Of course she is not the first artist to use the bathroom for inspiration for her art. As Ms Pager herself identified the bathroom is a place where you are at your most natural and yet it is also a place of civilisation.
Baths
It doesn’t take much searching on the web to find pictures of bathrooms that you can buy as prints or posters.
They usually depict idealised Victorian bathrooms with vintage, roll top baths, solid basins and elegant bathroom mirrors.
Picture perfect bathrooms are the order of the day in these pictures. You can’t imagine anyone ever using these bathrooms and getting them dirty.
But paintings of bathrooms and baths have not always been idealised.
Death of Marat
One of the most iconic portraits of someone in the bath is David’s The Death of Marat. Marat was a French revolutionary leader who was murdered in his bath.
Marat had a skin condition which led him to work from his bath. He was discovered there by his political enemy Charlotte Corday who stabbed him.
David depicts Marat’s naked vulnerability as he lies in the bath with unfinished work in his hand.
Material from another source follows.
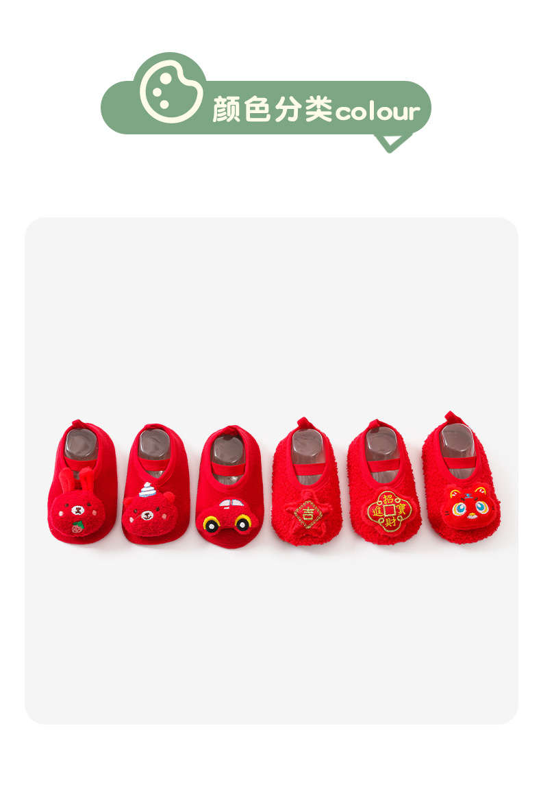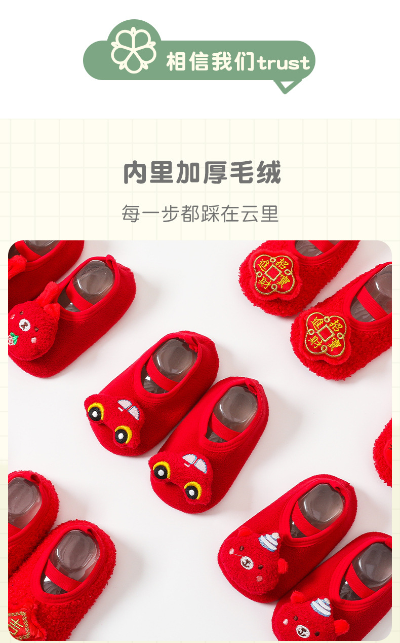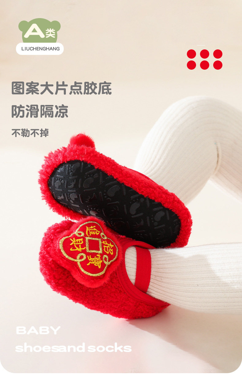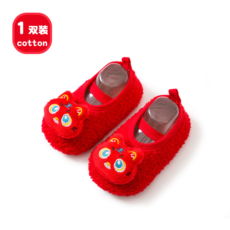 새해철 미끄럼 방지 부드러운 바닥 신발 아기 바닥 양말 어린이용 큰 빨간색 귀여운 만화 어린이 신발 유아용 양말 세트스토어 가기

In the bath we are all defenceless and are as exposed as we were on the day we were born.
It is a troubling portrait and probably not one to put on the bathroom wall.
Olympics
At the National Portrait Gallery at the moment, as part of the Cultural Olympian festival is an exhibition of the British artist Lucien Freud’s work.
He painted all sorts of people from the Queen to a benefits supervisor sleeping.
One of his most notable works is a self portrait from the early fifties that he painted in a bathroom belonging to the James Bond author Ian Fleming.
He has retired to the bathroom during a party and he stares pensively into the bathroom mirror.
It catches, perfectly, that moment of quiet you can feel in a bathroom, especially at a party, before returning back to the fun and the hurly burly.
When you behold yourself in the bath you may or may not feel you are a subject for art but art, like beauty, is in the eye of the beholder.